Venezuela is a rich country. They have an endless amount of oil and
gas, and Venezuela’s population was relatively stable, whatever the
regime, whether it was under Chávez or what they call el Punto Fijo.
But with the blockade, the standard of living of these persons
collapsed. They basically totally threw off the equilibrium that the
majority of Venezuelans were accustomed to. Many of them have left,
and now what they want is to make it to the United States. How can one
partially reduce the exodus? Well, lift the blockade against
Venezuela.
AMY GOODMAN: Have you discussed with President Biden lifting the
embargo against Venezuela, and also — you were just in Cuba for the
G77 meeting — lifting the embargo there, the effects that these
embargoes have?
PRESIDENT GUSTAVO PETRO: [translated] The Cuban case is even more
strident, we could say, because Cuba is on two lists: one, the
blockade, or embargo, which dates back so many decades, and the other,
which was it was added to a list of countries that sponsor terrorism.

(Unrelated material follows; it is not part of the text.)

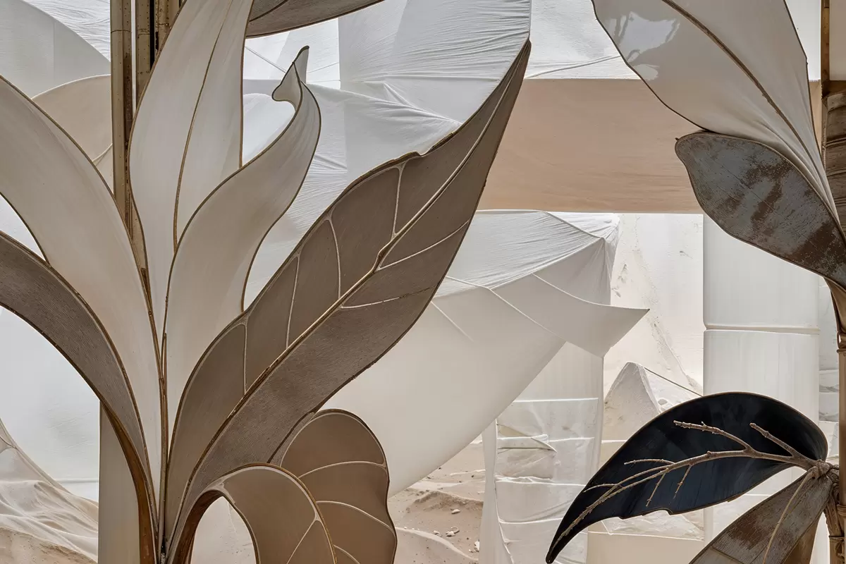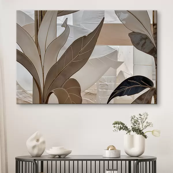 Schilderij Een close-up van een abstract geometrisch patroon met overlappende vormen en texturen in beige tinten Art. s39498

And the second list imposes even more radical measures, such as, for
example, that they’re not able to buy medicine abroad, medicines
which are necessary for health inside the country. It’s a real
crime. It kills people who are ill.
That list, which was put together by the United States — or, in the
face of that list, the president of Colombia, who was an enemy of
peace in Colombia, used it, insisting that the Trump administration
should put Cuba back on that list, succeeded in doing so. And the
excuse was that Cuba was the scenario of peace talks between
the ELN guerrillas and the Colombian government. It was the
Colombian government under President Santos that asked Cuba to provide
its territory, and Cuba did so in good faith. And then, when Duque
came in as president, and he was not happy with that peace process and
shut it down, he asked Cuba to turn over as prisoners the ELN,
National Liberation Army, peace negotiators. So this was a real
betrayal. The two states had already signed an agreement saying that
couldn’t happen, because that was to guarantee peace talks. And
given Cuba’s unwillingness to turn over these persons, who today are
negotiating peace with me and who are about to reach a situation where
that war would be put to an end, taking advantage of that, Duque asked
Trump to put Cuba on the terrorist list.
And I’m surprised that Biden has continued with that. I discussed
that topic with him. I discussed the Venezuelan question with him,
seeking for there to be a progressive unblocking or removal of the
blockade, at the same time as certain credible guarantees would be
given for free and fair elections in Venezuela. It’s a very long
process. It’s very slow. What one finds is increasing poverty in
Venezuela. And I’ve spoken with Cuba and with the United States
about the need to at least remove Cuba from the list of countries that
help terrorism, because Cuba is helping us to make peace. It’s just
the opposite of what that list is all about. Nonetheless, we have also
seen in the U.S. government a great sluggishness. And at the end of
the day, it makes the Biden administration look like the Trump
administration.
And it is leaving certain scars with Latin America that I think we
need to have heal. We need to overcome them, because at the end of the
day, both those in the North, the English speakers in the North, and
the Latinos in the South and the Afro-descendant peoples throughout
the Americas and the Indigenous peoples throughout the Americas, we
all need to understand one another, because we have common problems.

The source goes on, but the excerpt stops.